In a video posted on his Facebook page in the aftermath of the shootings, Mateen’s father Seddique Mateen, who in prior posts railed against both Pakistan and Afghanistan’s government, described his son as a good, educated boy who admired and respected his parents.
“I really don’t know what the motive was behind his act and I didn’t know he was so aggressive and angry about gays,” Mateen said. He blamed Pakistan for creating mental illness in Afghan youths, saying it had brought “sorrow, terrorism and deaths” to Afghanistan.
Ramadan Period
Representative Adam Schiff of California, the top Democrat on the House intelligence committee, said in a statement that Islamic State leaders have been urging attacks during the Muslim holy period of Ramadan, which started this month. It’s also LGBT Pride month in the U.S., raising additional questions about the attack as a hate crime against the club’s gay clientele.
FBI field offices around the country are constantly evaluating their surveillance operations and what investigations to prioritize, said Henry, the former FBI official who is now president of cybersecurity company CrowdStrike Services.
"The overwhelming numbers and the somewhat limited resources of the FBI do not allow them to track everybody all the time," Henry said.
The attack also points to another troubling aspect in the fight against extremism.
Seizing Territory
Early on, Islamic State was viewed as less of a direct threat to the U.S. and Europe than other groups such as al-Qaeda because it was focused on seizing territory for its claimed caliphate. But Islamic State should be seen as both an insurgency -- which is struggling to hold on to its territory -- and as a global terrorist organization, which is recording successes, said Charlie Winter, a senior research associate at Georgia State University who studies transnational jihadist movements and insurgencies.

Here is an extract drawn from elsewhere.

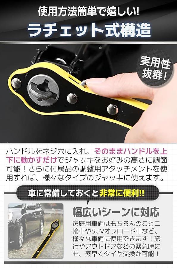 「ラチェット式構造」ハンドルをネジ穴に入れ、そのままハンドルを上下に動かすだけでジャッキをお好みの高さに調節可能。さらに付属品の調整用アタッチメントを使用すれば、様々なタイプのジャッキに使えます。

In terms of its ability to inspire attacks, Islamic State "looks more powerful than it has before," Winter said in a phone interview from Atlanta.
One of the main unanswered questions now is whether the FBI informed local police officers in Florida so they could have kept tabs on Mateen, said Representative Peter King, a New York Republican who serves on the House Intelligence and Homeland Security committees.
"Often one incident by itself doesn’t mean anything," King said. "I hope that it turns out the FBI did share that information with the local police. If not, then that would definitely be a problem."
Coordination between the FBI and local police about suspects should have been learned from the Boston Marathon bombing in 2013, King said. Deceased bomber Tamerlan Tsarnaev came to the attention of the FBI before the attack, but that case was also closed and the information wasn’t shared with local authorities, King said.
Stopping lone-wolf attacks in the U.S. is "extremely difficult" because law enforcement and intelligence officials are limited by laws in terms of how much internet surveillance they can do of suspects, as well as by the resources they have, King said.
"In many ways it’s searching for a needle in the haystack," King said. "The FBI doesn’t have the personnel to keep tabs on everybody."